Really, it's a backhanded compliment to science that religion tries to co-opt its vocabulary. Santee's museum has its Institute of Creation Research. (Americans respect words like "institute" and "research.") ID materials show lab beakers, not Bibles. ID also takes a science word like "theory" and deliberately twists its meaning, equating the empirical research that backs up a scientific theory with any fleeting idea that finds a roost in more than one brain. Like the theory that the Smithsonian has a secret stash of ark bits.

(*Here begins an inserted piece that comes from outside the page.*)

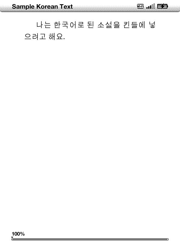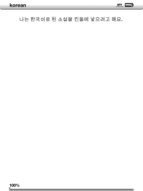 as shown above, any versions of kindles don't support appropriate "spaces" between words in Korean language except original Kindle DX. exactly speaking, no spaces between words. I have some electronic novels which are written in Korean. the novels all have .txt extensions. I tried to change those .txt files to mobipocket and epub files using Caliber and made transformed forms. but I couldn't find any spaces between words in the transformed ones after changing them into epub or mobi. As another thing I try to solve the problem, I used the conversion and download service provided from amazon.com that is the one using "name"@free.amazon.com. It neither couldn't solve the problem. It was same as the upper example. I know most kindle users are from English speaking worlds. some readers even may not understand what I mean. but I couldn't find any hints for me from Korean websites or other Korean forums. I just want to read a looking good pages when I "sync the latest pages" between my devices such as macbook and iphone and I hope that there's anyone who can solve this problem and share her or his ideas. Anyone among those who are reading this? Help me! |

Science and faith should always be at odds. Science starts with the smallest bits of evidence, collecting facts and data to figure out the principles that make them all work together. Faith starts with unshakable belief in itself. Cross those wires and you get oxymorons like creation science.

There was a man in the last century who practiced top-down science with harrowing consequences. His ideology came first, and science had to fit it. He denounced the important genetic studies of Mendel as the work of "enemies" -- not exactly the language of science. He insisted, among other things, that wheat plants could bear rye seeds. His notions sent real scientists to exile and execution and condemned whole populations to starve. He wasn't a scientist himself but he played one at the Kremlin. His name was Trofim Lysenko, and his ideology was communism.

Teaching creationism is flat out against the rules in California public schools. The school board in Vista, not far from Santee, tried to get away with stealth creationism more than 10 years ago but got booted out before it could do any damage. Kansas' pro-creationist state school board also tried to expel evolution but was voted out four years ago, before it had enough time to do more than mau-mau small changes in the geology section of a children's textbook.

Now Kansas is getting another bite at the apple of ignorance, with a new pro-creationism school board. And the battle is joined in Wisconsin, Pennsylvania, Montana, Missouri and Mississippi.

Jack Krebs is a veteran of this war. He teaches high school math and serves on the Kansas state science standards committee, which fought creationism once before. "Watch out," he says, "it could be in anybody's backyard tomorrow. You could be next."

Where have I heard that before? Oh yes, Kevin McCarthy, "Invasion of the Body Snatchers" -- and now the scary real-life sequel, "Invasion of the Brain Snatchers."